ASSIGNMENT:
An exact transcription is needed, beginning at the line with "Sarah’s cookie stood" and ending at the last line of the listing, with pictures left out and nothing else added.

SUPPLIED INFORMATION:
#####

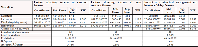 The econometric analysis (stepwise multiple regression models) was carrying out using the sample of contract, non-contract and overall impact dairy farmers. Different variables were expected to income of the dairy farmers these are age of the respondent, education level, family size, and number of dairy cows, farmland holding size, borrowing and contract. For analyzing the factors that affect the income of those who are involved in contractual arrangement or not, Stepwise multiple regression models were utilized. Existence of multicollinearity problem was checked by calculating VIF (variance inflation factor). No significant problem of multicollinearity was found. Durbin-Watson test indicated that there was no autocorrelation problem. Three variables (number of dairy milking cows, education and borrowing) were found significant for participation and non-participation at contractual arrangement from the out of seven variables, while contract variable was found significant for examining the overall impact of dairy farming. The coefficient of multiple determinations (R2) for three conditions were 0.59, 0.71 and 0.67 respectively and adjusted R2 was 0.56, 0.68 and 0.65 respectively. This denotes that 67% of the variation in the dependent variable is explained by the explanatory variables for impact on contractual arrangement. Furthermore, the adjusted R2 of 65% is significant and it has consolidated the goodness fit of the model. Hence, its econometrics is significant and reliable. The results from the estimated econometric model are given in Table 5.
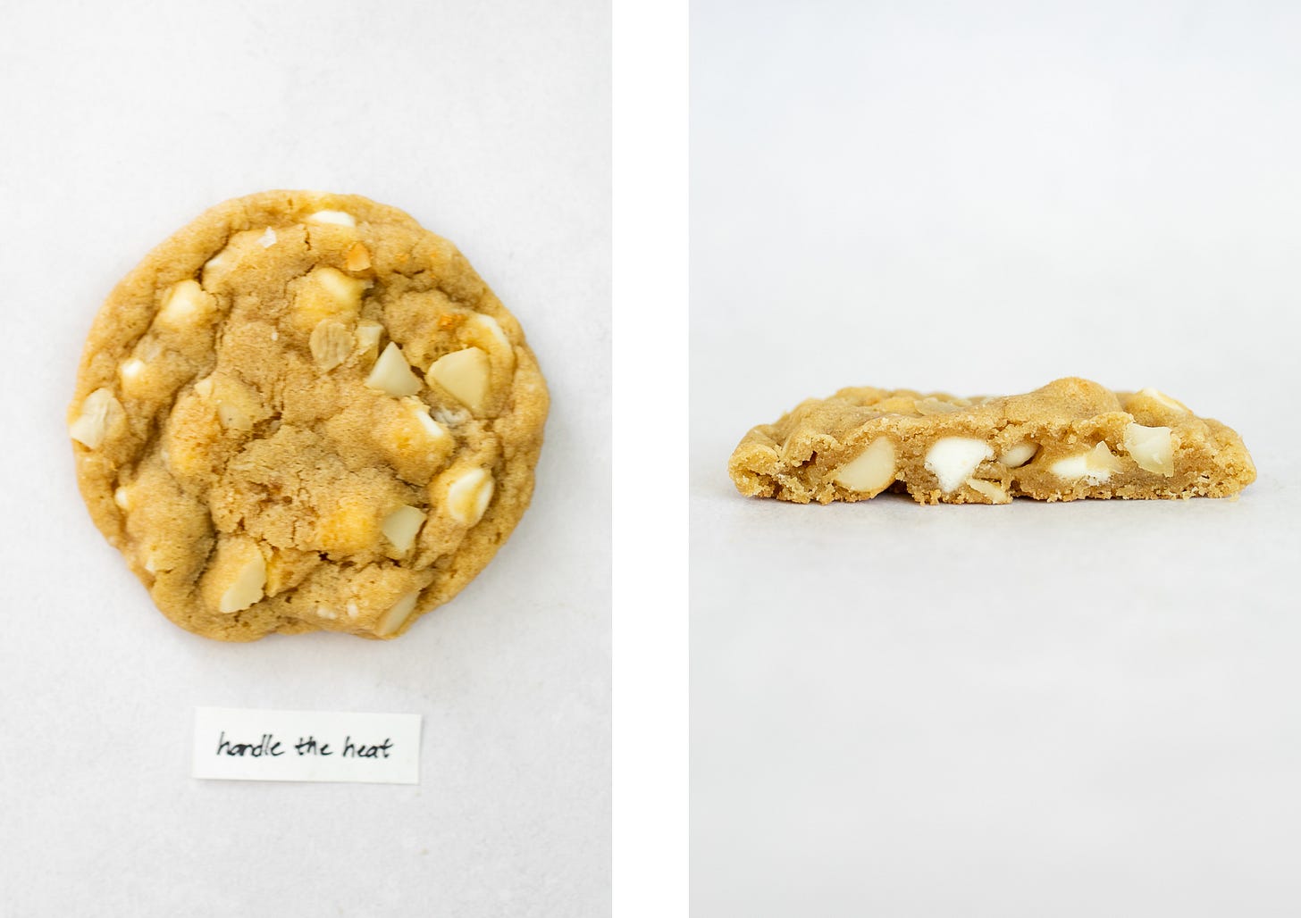 Sarah’s cookie stood out for a seemingly small detail: rather than a rough chop, she calls for finely chopped macadamia nuts which she says helps not overwhelm the cookies. And this really resonated with me–I don’t love biting into a whole macadamia nut poking out of the middle of a cookie. Aside from this detail, the base dough is similar to Handle the Heat. Both use creamed butter, egg yolks and similar ratios of butter and flour, though Sarah uses more sugar overall, less egg and slightly less butter (for one of the lowest ratios of butter total).
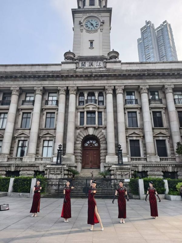 4月16日,武汉江汉关广场,五位身着复古旗袍的舞蹈演员翩翩起舞,舞姿与百年建筑的碰撞,吸引了不少市民与外地游客驻足围观。

#####

TASK OUTPUT:
 Sarah’s cookie stood out for a seemingly small detail: rather than a rough chop, she calls for finely chopped macadamia nuts which she says helps not overwhelm the cookies. And this really resonated with me–I don’t love biting into a whole macadamia nut poking out of the middle of a cookie. Aside from this detail, the base dough is similar to Handle the Heat. Both use creamed butter, egg yolks and similar ratios of butter and flour, though Sarah uses more sugar overall, less egg and slightly less butter (for one of the lowest ratios of butter total).
 4月16日,武汉江汉关广场,五位身着复古旗袍的舞蹈演员翩翩起舞,舞姿与百年建筑的碰撞,吸引了不少市民与外地游客驻足围观。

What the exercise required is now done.